Constraints (these are the puzzle — read carefully):

  • 1 <= n <= 10^5
  • nums.length == n + 1
  • 1 <= nums[i] <= n
  • There is only one repeated number in nums, but it could be repeated more than twice
  • You must not modify the array (no sorting, no swapping in place)
  • You must use only O(1) extra space (no hash sets, no frequency arrays)
  • The problem's follow-up asks for an O(n) time solution

Why This Problem Matters

LeetCode 287 is rated Medium, but a majority of experienced engineers call this rating misleading. The reason: the problem statement looks trivially easy — "find the duplicate number" — until you read the constraints. At that point, nearly every solution you would naturally reach for is eliminated before you write a single line of code.

The constraints are not just guardrails. They are the entire puzzle. Understanding why each approach fails is what interviewers at Google and Amazon actually want to see. Blurting out the Floyd's solution without being able to justify the constraint eliminations signals memorization, not understanding.

This problem also introduces a genuinely beautiful algorithmic idea: you can treat an array as an implicit linked list and run a graph algorithm on it without ever building a graph. That insight — reframing the data structure to unlock a different class of algorithms — is a transferable skill that unlocks problems like Linked List Cycle II (LC 142), Happy Number (LC 202), and more.

Interview frequency: This appears in Google and Amazon interviews with high frequency, often paired with the question: "Walk me through every approach and tell me why you ruled it out." The constraint-elimination walkthrough is the interview, not just the code.


The Constraint Analysis — Why Every Obvious Approach Fails

Let us go through every approach a competent engineer would reach for and identify exactly which constraint kills it.

Approach 1: Sorting

Sort the array, then scan for adjacent equal elements.

[1, 3, 4, 2, 2] → sorted → [1, 2, 2, 3, 4] → nums[1] == nums[2]2

Time: O(n log n). Space: O(1) (in-place sort).

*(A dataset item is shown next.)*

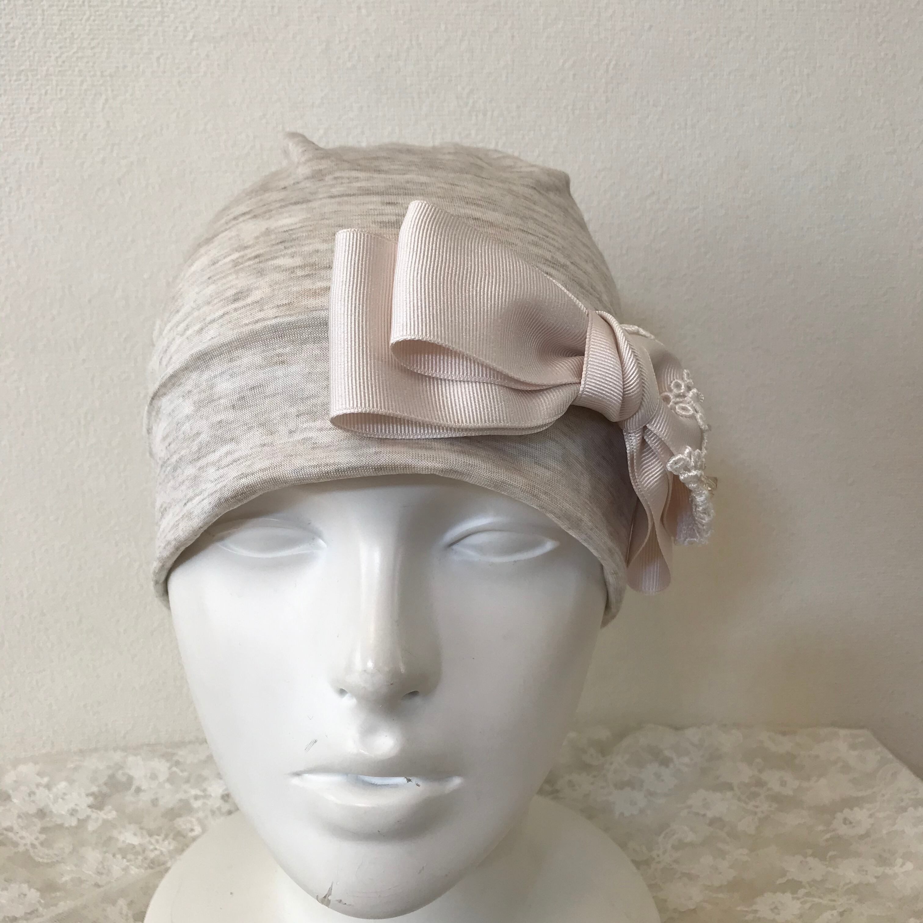 スワロフスキービーズとレースリボンのケア帽子 茶系

Why it fails: Sorting modifies the array. The constraint says you must not modify nums. Eliminated.

Approach 2: Hash Set

Iterate through the array, adding each element to a set. Return the first element already in the set.

seen = set()
for num in nums:
    if num in seen:
        return num
    seen.add(num)

Time: O(n). Space: O(n).

Why it fails: The set can grow to hold up to n elements. This violates the O(1) extra space constraint. Eliminated.

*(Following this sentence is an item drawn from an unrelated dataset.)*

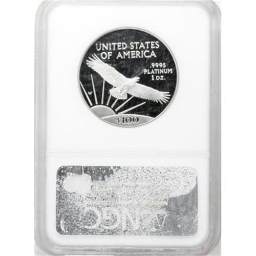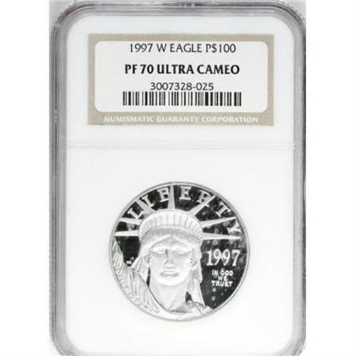 <B>1997-W P$100 One-Ounce Platinum Eagle PR70 Ultra Cameo NGC.</B></I> The platinum American Eagles in the one-ounce size deserve wider recognition, with their bold design by John Mercanti, and since the Mint began producing different reverse designs for the W-mintmarked proof coins beginning in 1998, the series has become more interesting. This piece offers, as expected, the desired silver-black contrast, with stunning eye appeal.<BR><BR><b>Shipping:</b> Coins & Currency (<a target="_blank" href="http://www.heritageauctions.com/common/shipping.php">view shipping information</a>)

Approach 3: Negative Marking (Index as Presence Flag)

For each value v, negate nums[|v|] as a visited marker. If it is already negative, v is the duplicate.

Time: O(n). Space: O(1).

Why it fails: Modifying array values is still modifying the array. Even though you could restore them afterward, this violates the constraint. Eliminated.

Approach 4: Binary Search on Value Range

This is the approach that survives the constraint check but is not fully optimal.

The key observation: for any midpoint mid in the range [1, n], count how many numbers in nums are less than or equal to mid. Call this count c.

  • If the duplicate is in [1, mid], then c > mid (there are more values in that half than there are slots for them — pigeonhole principle).
  • If the duplicate is in [mid+1, n], then c <= mid.

Binary search on the value range narrows down the duplicate in O(log n) rounds, each round scanning the array once.

Time: O(n log n). Space: O(1). Modifies array: No.

Why it is not optimal: It satisfies the no-modify and O(1) space constraints, but the problem's follow-up asks for O(n) time. O(n log n) is possible but not ideal. This is the "bonus" solution worth mentioning in an interview after presenting the optimal approach.

Approach 5: Floyd's Cycle Detection

Time: O(n). Space: O(1). Modifies array: No.

This is the only approach that satisfies every constraint simultaneously. The trick requires a non-obvious reframing of the problem.


The Floyd's Insight — Array as an Implicit Linked List

Here is the core idea: treat the array as a function that maps indices to values, where the value at each index is the "next" index to visit.

Formally, define: node at index i points to node at index nums[i].

So if nums = [1, 3, 4, 2, 2]:

  • Start at index 0 → value is 1 → move to index 1
  • At index 1 → value is 3 → move to index 3
  • At index 3 → value is 2 → move to index 2
  • At index 2 → value is 4 → move to index 4
  • At index 4 → value is 2 → move to index 2 ← we have been here before

The traversal looks like this as a linked list:

01324
                ↑   ↓
                └───┘

Why is there always a cycle? Every value in nums is in the range [1, n], so every "next pointer" is a valid index. With n + 1 elements and values only reaching n, by the pigeonhole principle at least two indices point to the same destination — that destination is the duplicate, and those two pointers create a cycle.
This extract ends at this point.